A second approach is the “mechanical view” (MV). The crassest version of this approach is simply letting the Bible fall open and taking the words before one as the indication of God’s moral will for a particular circumstance. Another version of the MV is the post-canonical appropriation of the “fleece” (Judg 6:37). The Christian determines that if the Lord, in his providence, does p that will mean q.

The third way is the confessional Reformation approach to understanding God’s moral will. However inconsistent particular Protestants have been in practice (and they have been), our theologies and confessions have distinguished clearly between the mind of God and the human mind, and between two aspects of the divine will. We have also taught clearly how post-canonical Christians (i.e., those who do not live in the canonical history of redemption) may know God’s moral will.

The most basic distinction regarding God’s moral will is that taught in Deuteronomy 29:29, between the “revealed things” and the “secret things.” The latter are those things that belong to the divine decree (i.e. the decretive will) and to providence. We do not know whom God has elected. We do not know what God’s providence holds. We cannot presume to interpret God’s providence (Job 38). We do not know why the Tower in Siloam fell (Luke 13:4). We do not know who will come to faith. Apart from the ordinary providence of God, we do not know what will happen tomorrow (Matt 6:34). God has not promised to reveal those things. They are and shall remain secret. These things are necessarily hidden because God’s ways are higher than our ways. His thoughts are not our thoughts (Isa 55:8–9). He is the infinite, incomprehensible, immutable (Num 23:19; Heb 6:17), eternal Creator and we are finite, mutable (changeable) creatures.

The first part of the secret of knowing God’s will is knowing the difference between that which has been revealed and that which remains secret. According to Deuteronomy 29:29, God has revealed some things, chiefly his moral or preceptive will. These have been given to us and “belong to us and to our children forever, that we may do all the words of this law” (Deut 29:29). The last clause is the clue that explains the distinction. If we want to know what God wants us to do, it is summarized (in Mosaic terms) in the phrase, “all the words of this law (Torah).” In other words, God has revealed his moral will. It is no secret.
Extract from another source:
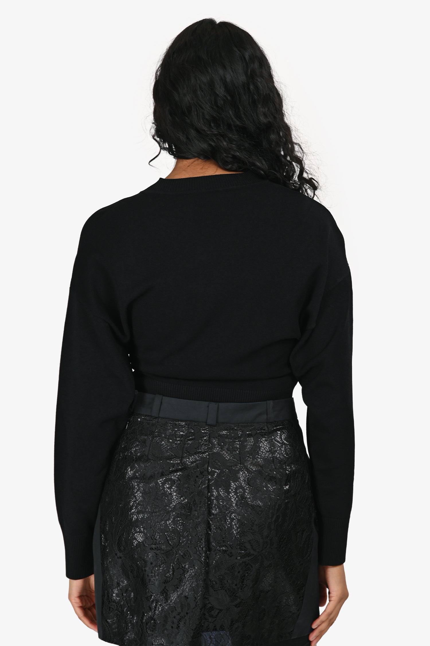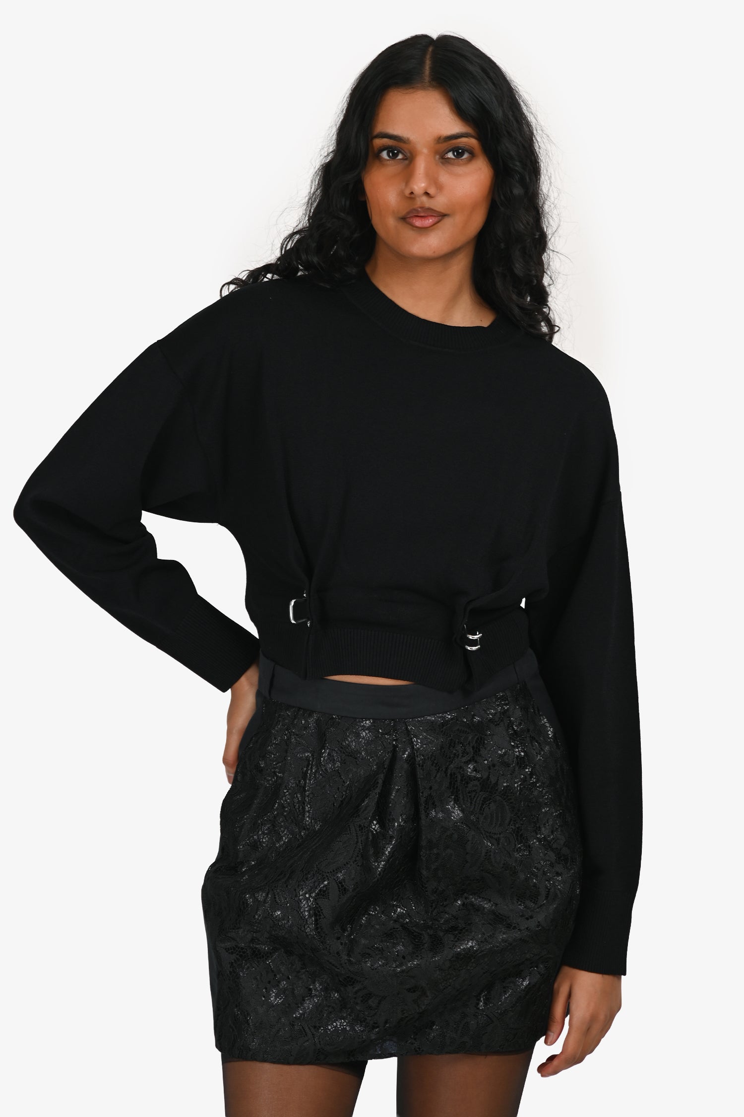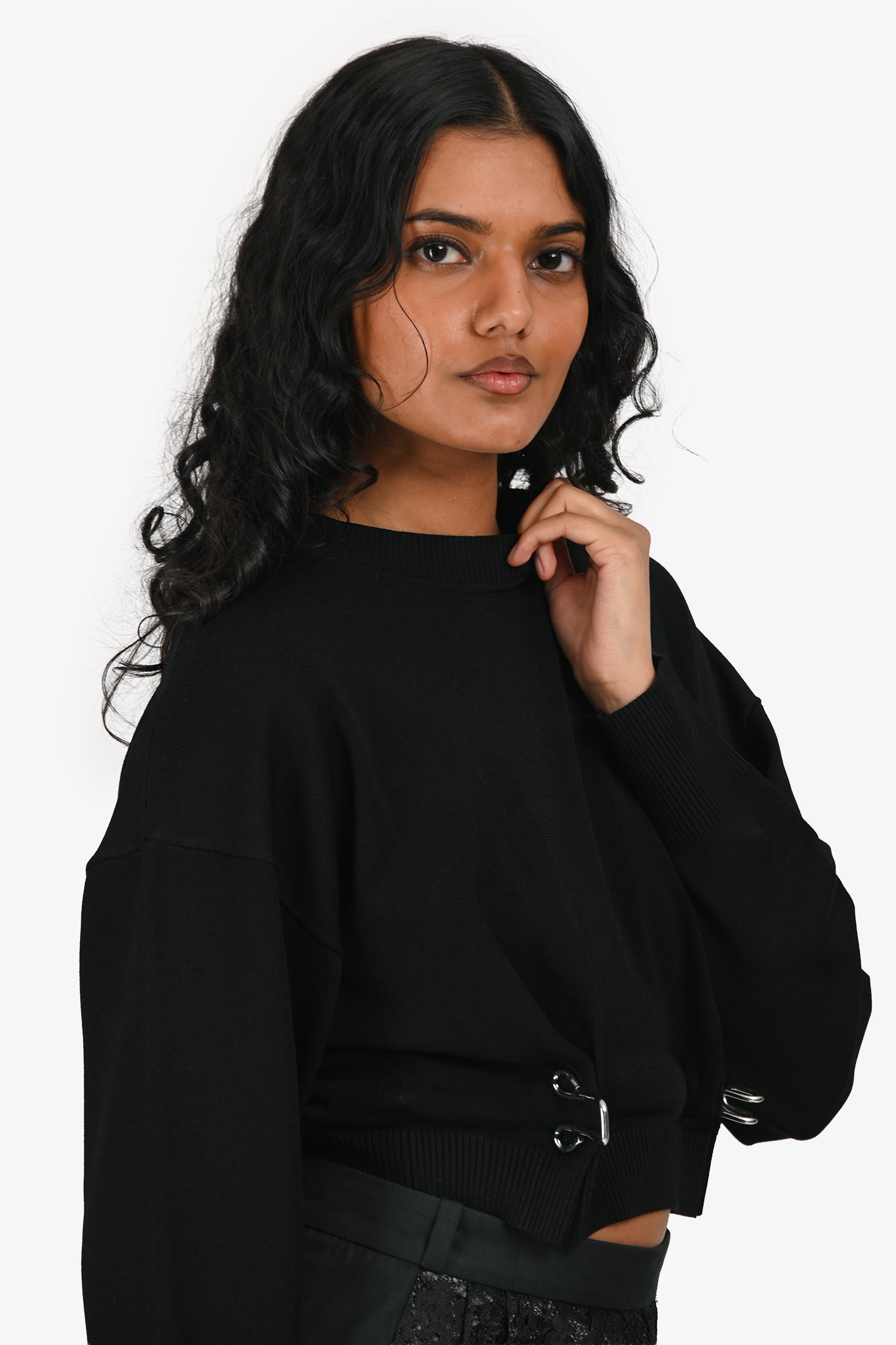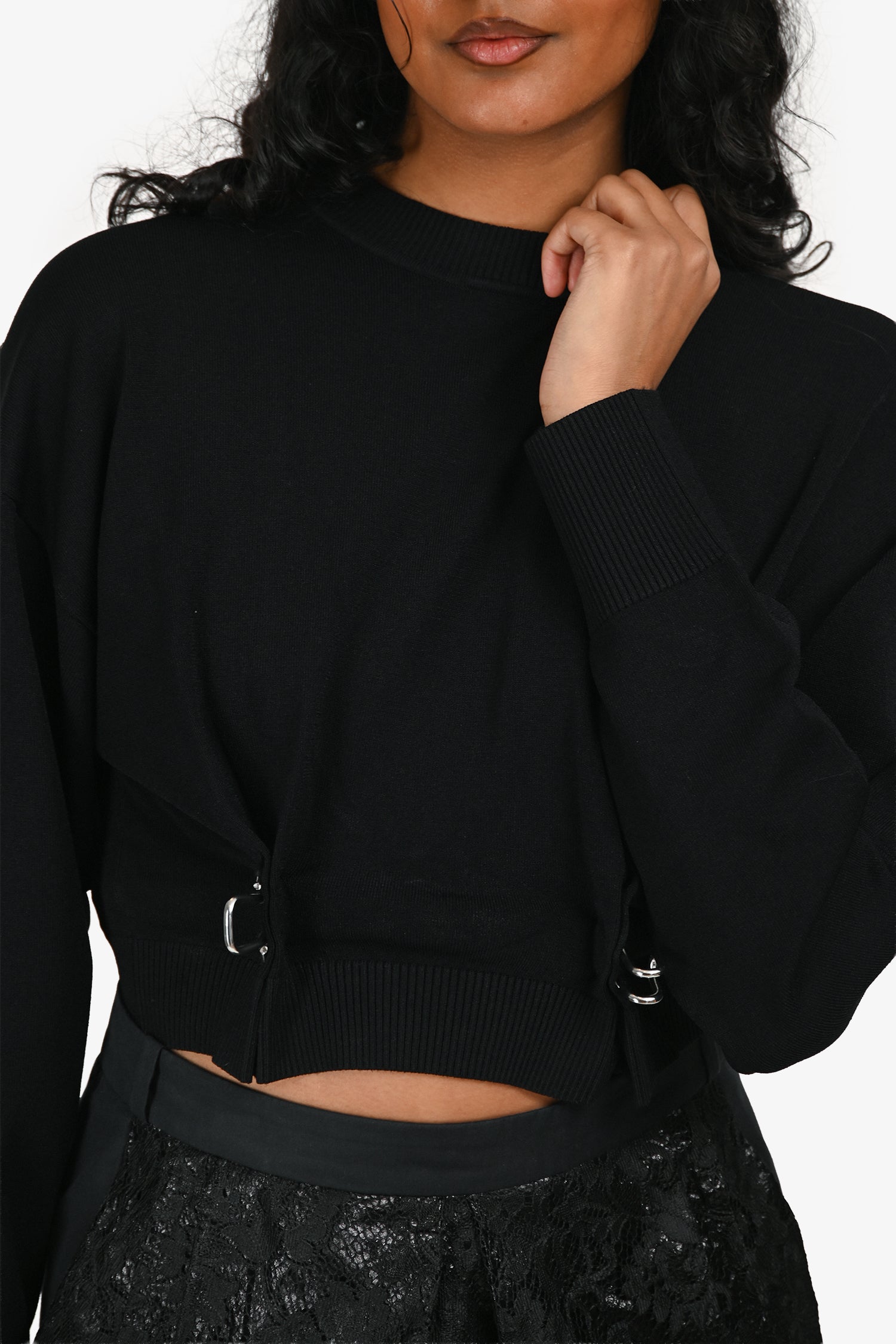 Refresh availabilityMoschino Jeans Black Knit Cropped Sweater with Silver Hook Detail. Slip-on. Crew neckline. Ribbed collar, cuffs, and hem. Silver-tone hardware. Tonal stitching.

According to Deuteronomy 29:29, believers are to trust in, rely upon, listen to, and obey what God has revealed, rather than to seek what he has not revealed. In the history of salvation, seeking what God has not revealed was considered idolatry and sin. Perhaps the classic example of this sin is when Saul turned to the witch (the ESV has “medium”) of En-dor (1 Sam 28:7). They both knew it was wrong and criminal (under the Israelite civil law)—and what is most ironic is that it was completely unnecessary. Saul’s first sin, in this instance, was that he did not obey the explicit revelation of God (1 Sam 28:18). Like Saul, many of us have turned away from the explicit revelation of God’s moral will in favor of alternative sources of guidance.

One reason we are tempted to act like Saul is that Americans are conditioned to believe there is a “secret” for everything, and they seem to conclude that God’s moral will must also be a secret and that there must be a method for unlocking the secret. Many scholars have observed that American evangelicalism has similarities to gnosticism (i.e., the quest for secret knowledge). One of the fastest ways to entrepreneurial success in American evangelicalism is to peddle heretofore unknown secrets. Consider Mormonism. A guy sticks his head in a hat to read phony magic plates allegedly given by a phony angel and Americans follow him and his followers across the country to Utah. Bob Schuller and Joel Osteen offer the secrets of a happy life. Word-Faith preachers offer the secrets of health and wealth. Radical dispensationalists offer the secret of which biblical books are really canonical for this dispensation. The list seems endless.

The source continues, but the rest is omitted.